Attendant anxieusement le retour du père de ses enfants, Clairette avait passé la nuit dans les craintes les plus cruelles. A l’aube, elle parvint après des efforts inouïs à déplacer la dalle qui lui barrait le passage. Après une longue recherche, la pauvre enfant découvrit le corps de son tendre ami. Elle se fit un devoir de lui préparer une sépulture décente. Elle le coucha sur un lit de feuilles sèches qu’elle prit soin de recouvrir d’une voûte de pierres calcaires adroitement disposées et formant par leur ensemble, une sorte de chambre mortuaire. Une croix de bois surmontait cette tombe improvisée. Dans cet antre, les restes de l’hérétique allaient pouvoir dormir en paix et seraient à l’abri des profanations de toutes sortes.
Lorsque les provisions amassées touchèrent à leur fin, Clairette rentra avec ses deux enfants dans sa famille à Séourre. Elle fut reçue par ses parents avec la plus vive affection. On criait au miracle. Elle conta son aventure que chacun voulait connaître. Et personne ne voulait croire que l’hérétique l’eut entourée de tendresse. A cette époque, le fanatisme troublait la raison. Aucune qualité de coeur et d’esprit ne pouvait être attribuée aux hérétiques.
Les deux enfants furent baptisés.

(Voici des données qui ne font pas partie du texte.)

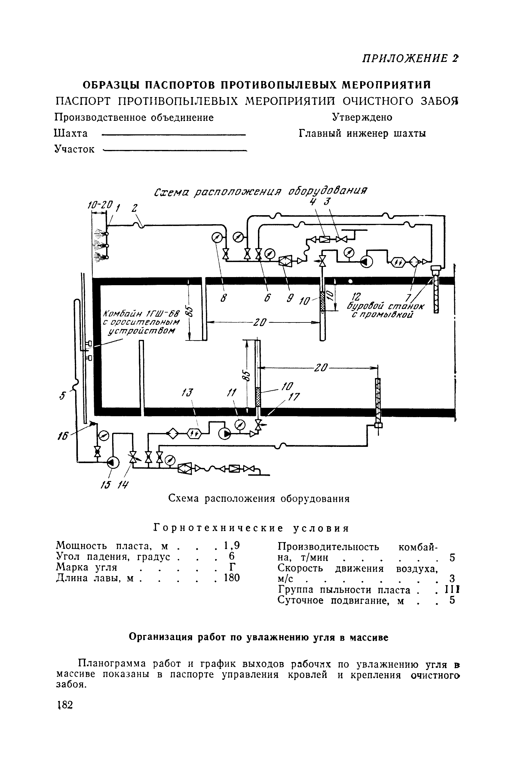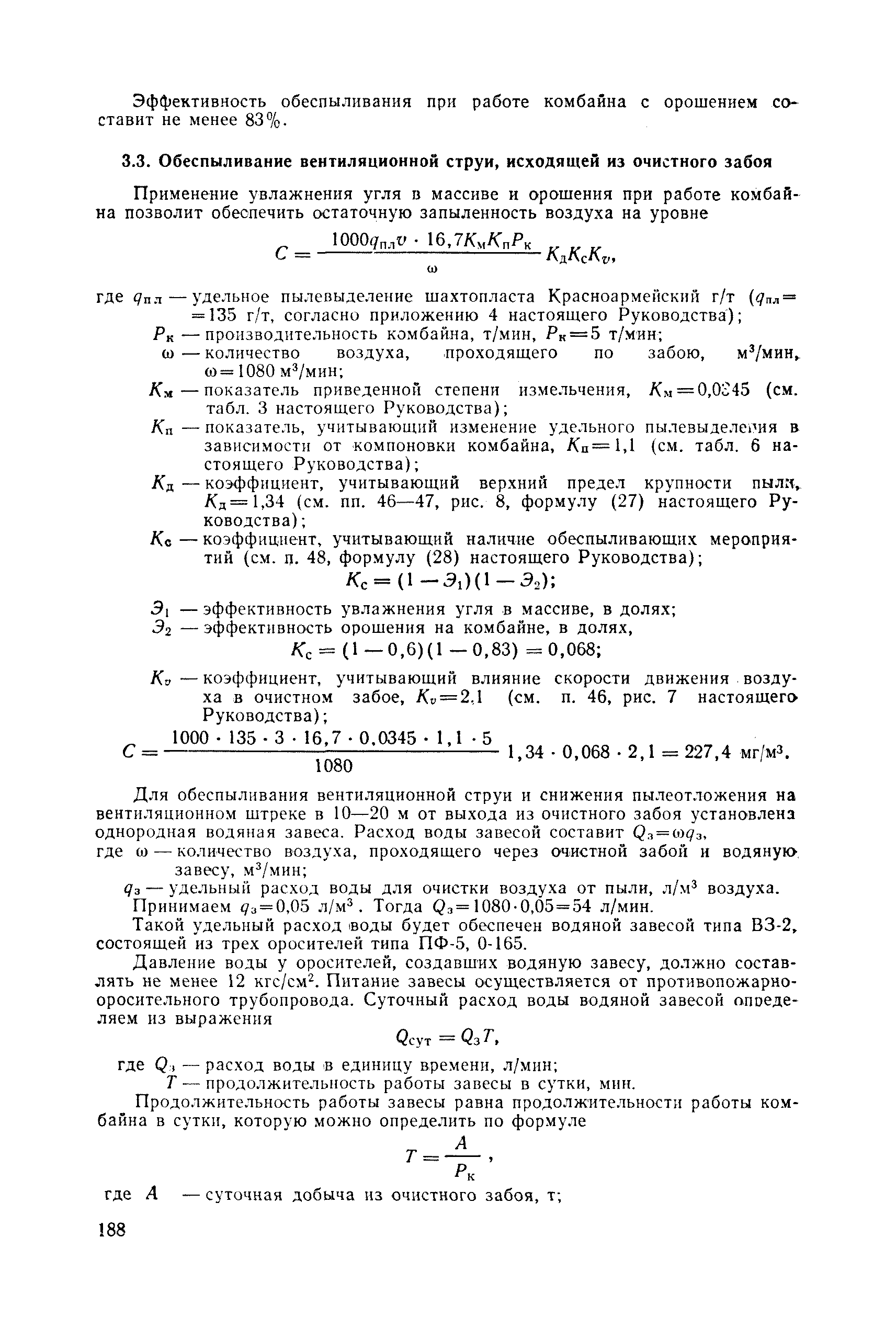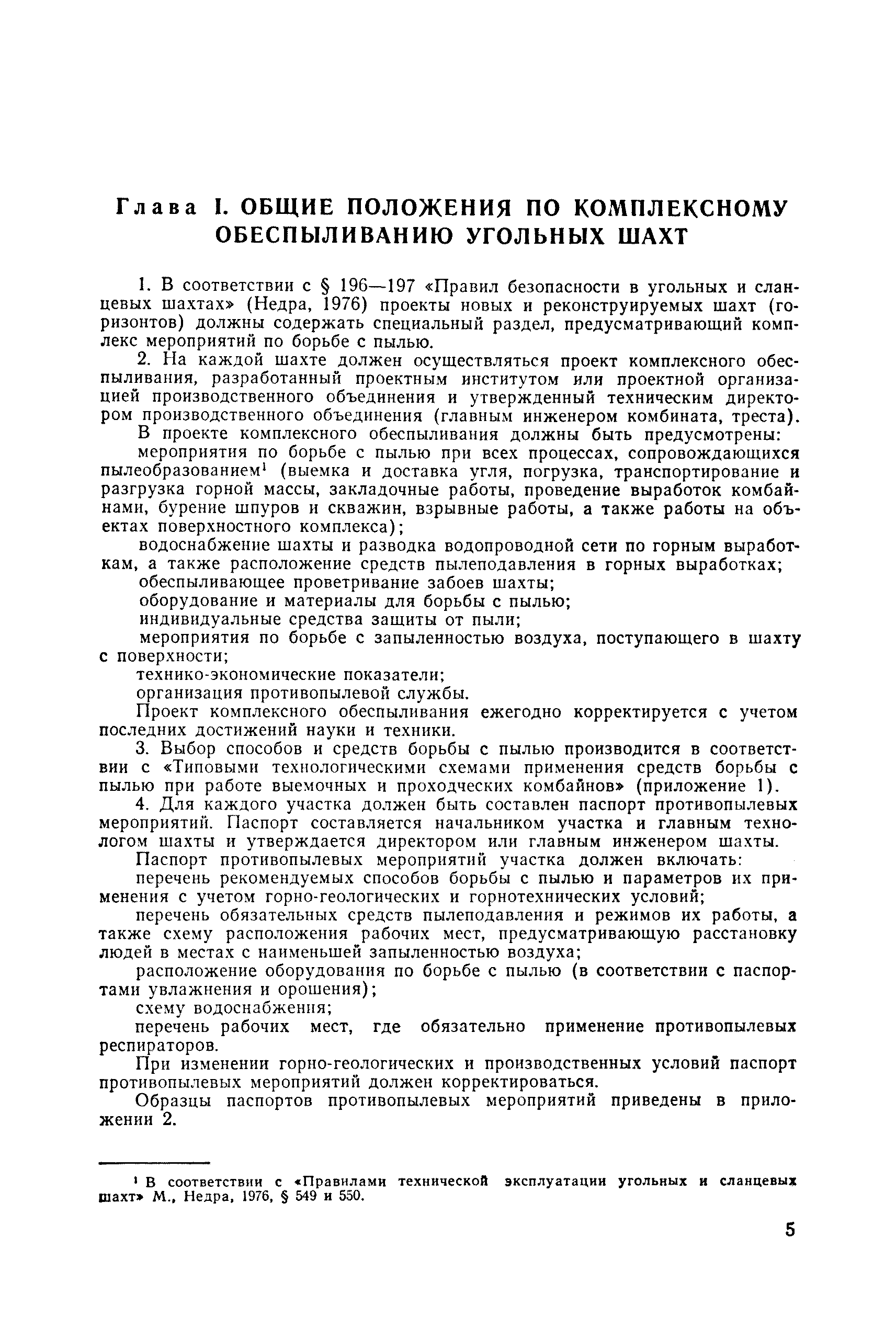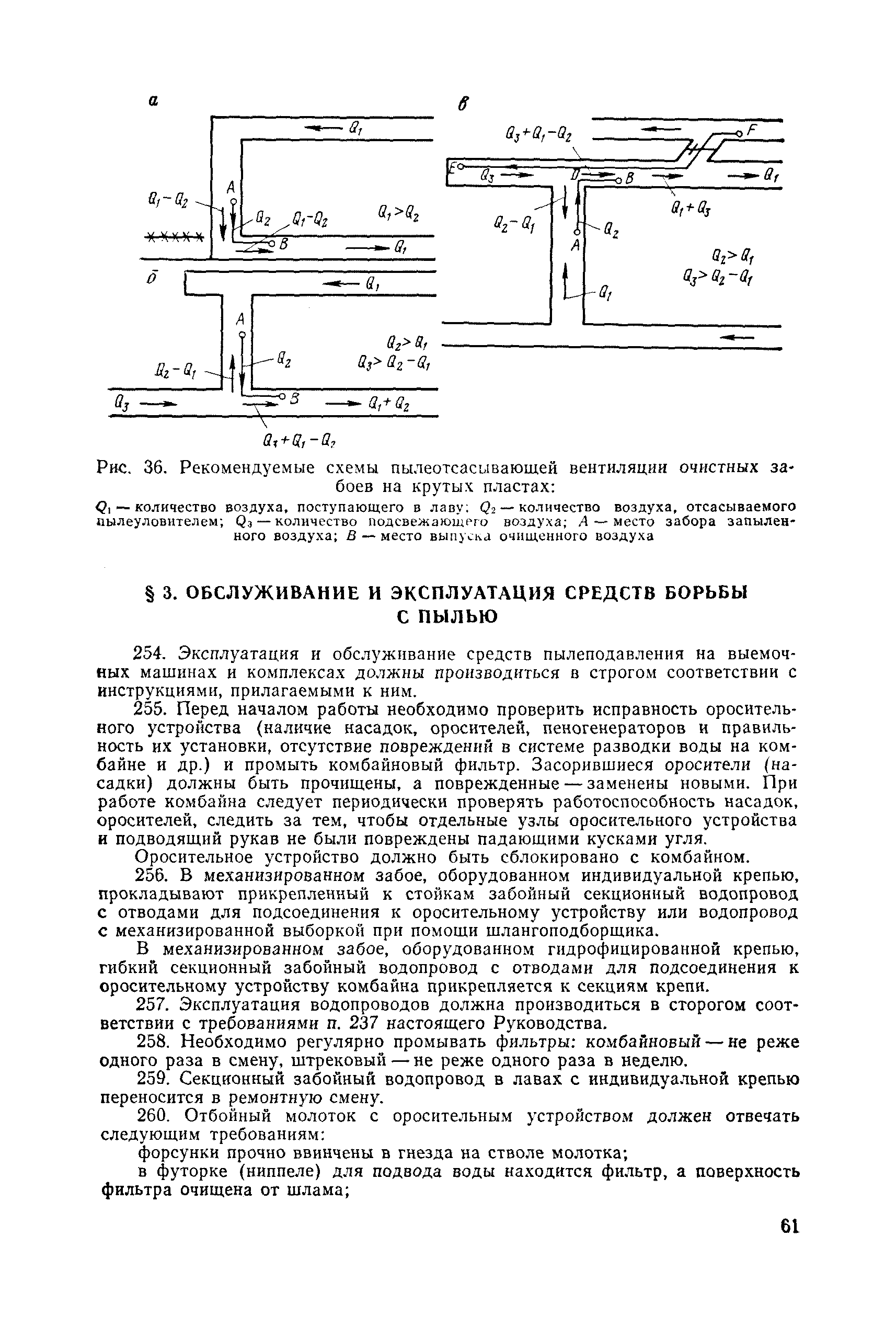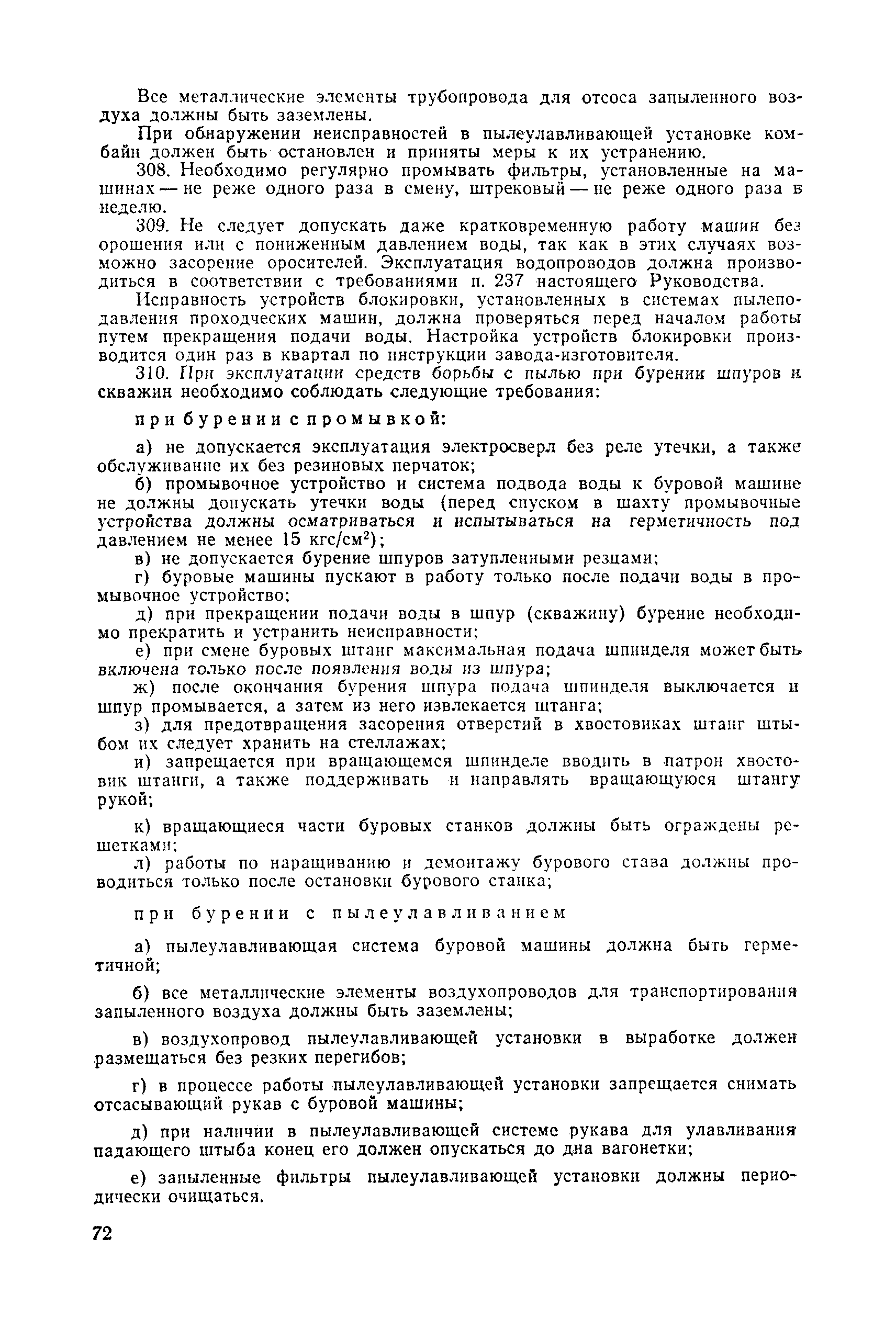 | Оглавление: | Введение Глава I. Общие положения по комплексному обеспыливанию угольных шахт Глава II. Пылеобразующая способность угольных пластов. Оценка горных машин и условий труда рабочих по пылевому фактору § 1. Общие положения § 2. Определение пылеобразующей способности шахтопластов § 3. Оценка выемочных комбайнов по пылевому фактору § 4. Оценка проходческих комбайнов по пылевому фактору § 5. Гигиеническая оценка условий труда рабочих по пылевому фактору Глава III. Предварительное увлажнение угольных пластов § 1. Общие положения § 2. Способы и схемы нагнетания жидкости в угольные пласты § 3. Параметры нагнетания жидкости в угольные пласты при очистных работах § 4. Параметры нагнетания жидкости в подготовительных выработках § 5. Оборудование для бурения скважин и нагнетания жидкости в пласт § 6. Организация работ и техника безопасности при нагнетании жидкости Глава IV. Способы и средства борьбы с пылью в шахтах § 1. Общие положения § 2. Орошение § 3. Высоконапорное орошение § 4. Пылеподавление водовоздушными смесями § 5. Подавление пыли пеной § 6. Пылеулавливание § 7. Обеспыливающее проветривание § 8. Способы и средства обеспыливания вентиляционной струи Глава V. Обеспыливание воздуха при выемке пологих пластов угля § 1. Борьба с пылью при выемке угля § 2. Подавление пыли при выемке угля в нишах § 3. Борьба с пылью при закладочных работах § 4. Борьба с пылью при передвижке крепи § 5. Обслуживание и эксплуатация средств борьбы с пылью Глава VI. Обеспыливание воздуха при выемке крутых пластов угля § 1. Борьба с пылью при выемке угля § 2. Очистка исходящих вентиляционных струй § 3. Обслуживание и эксплуатация средств борьбы с пылью Глава VII. Обеспыливание воздуха при проведении горных выработок § 1. Общие положения § 2. Обеспыливание воздуха при проведении горных выработок проходческими комбайнами избирательного действия § 3. Обеспыливание воздуха при проведении горных выработок проходческими комбайнами с ограждающими щитами § 4. Обеспыливание воздуха при ведении буровзрывных работ § 5. Обслуживание и эксплуатация средств борьбы с пылью Глава VIII. Борьба с пылью при проходке стволов шахт Глава IX. Обеспыливание воздуха при погрузочно-транспортных работах § 1. Общие положения § 2. Орошение при работе погрузочных машин § 3. Обеспыливание воздуха при погрузке угля из лав § 4. Обеспыливание воздуха при транспортировании угля § 5. Обеспыливание воздуха при работе опрокидывателей Глава Х. Обеспыливание воздуха в угольных шахтах Крайнего Севера § 1. Общие положения § 2. Обеспыливание воздуха при бурении шпуров и скважин § 3. Обеспыливание воздуха при взрывных работах § 4. Обеспыливание воздуха при погрузочно-разгрузочных операциях § 5. Обеспыливание воздуха при доставке и транспортировании угля § 6. Обеспыливание воздуха при работе комбайнов Глава XI. Обеспыливание воздуха, поступающего в шахты с поверхности Глава XII. Водоснабжение горных выработок, очистка шахтных вод Глава XIII. Контроль качества применяемых мероприятий по борьбе с пылью § 1. Организация шахтной противопылевой службы § 2. Контроль качества применяемых мероприятий § 3. Пылевой контроль Глава XIV. Индивидуальные средства защиты от пыли Приложение 1. Типовые технологические схемы применения средств борьбы с пылью при работе выемочных и проходческих комбайнов Приложение 2. Образцы паспортов

Clairette dut subir l’action purificatrice de certains rites liturgiques pour avoir cohabité avec un hérétique.
Clairette avait conservé le culte du souvenir. Chaque dimanche, elle prenait ses enfants pour se diriger vers le lieu du drame. En route, dans les champs, dans les prés et les bois, ils cueillaient, avec une grande émotion, des fleurs et allaient les déposer, pieusement, sur la tombe du martyr.